1. O OCIDENTE VISTO PELO MUNDO

O artigo tem início com a menção à uma investigação cujo autor foi coordenador, intitulada
ALICE –Espelhos Estranhos, Lições Imprevistas: definindo para a Europa um novo modo
de partilhar as experiências do mundo, sobre o qual, Boaventura Santos lamenta o facto de
a Guerra na Ucrânia ter revelado que as propostas desta investigação pouco serviram aos
líderes europeus apesar da sua pertinência. Esta interessante pesquisa a qual o autor faz
referência, abarca quatro eixos temáticos.

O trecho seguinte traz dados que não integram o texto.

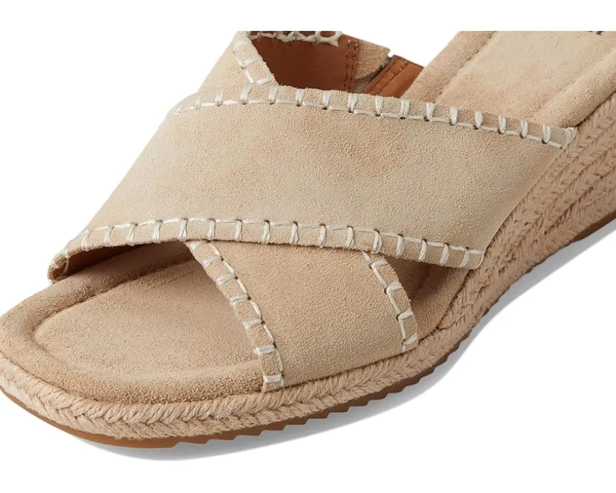 - The Sofft® Indie is here with its X-band slide design and intricate whip-stitching detail. The espadrille style adds a touch of rustic charm, while the wrapped rope wedge mid-heel provides a flattering lift.
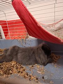 Vendesi cucciola di coniglio ariete blu nano di circa 8 mesi, già vaccinata. Carattere molto buono, ama stare in braccio e non morde le persone. Abituata a stare in casa con due cani e un bambino. Disponiamo (incluso nella vendita) del suo libretto, la sua gabbia con accessori, un amaca nuova, guinzaglio e pettorina, spazzola, mangime, lettiera.

São quatro os principais eixos temáticos do ALICE: 1) a profunda reforma do Estado


moderno (refundação do Estado); 2) a democratização da democracia a partir da
demodiversidade; 3) as outras economias, onde estão incluídas formas não capitalistas
de produzir, trocar e consumir, assentes em valores como a solidariedade e a
reciprocidade e na recusa da hegemonia do mercado; 4) os direitos humanos a partir de
uma perspectiva intercultural, reconhecendo concepções não eurocêntricas da
dignidade humana. (Santos at al 2014, p.1)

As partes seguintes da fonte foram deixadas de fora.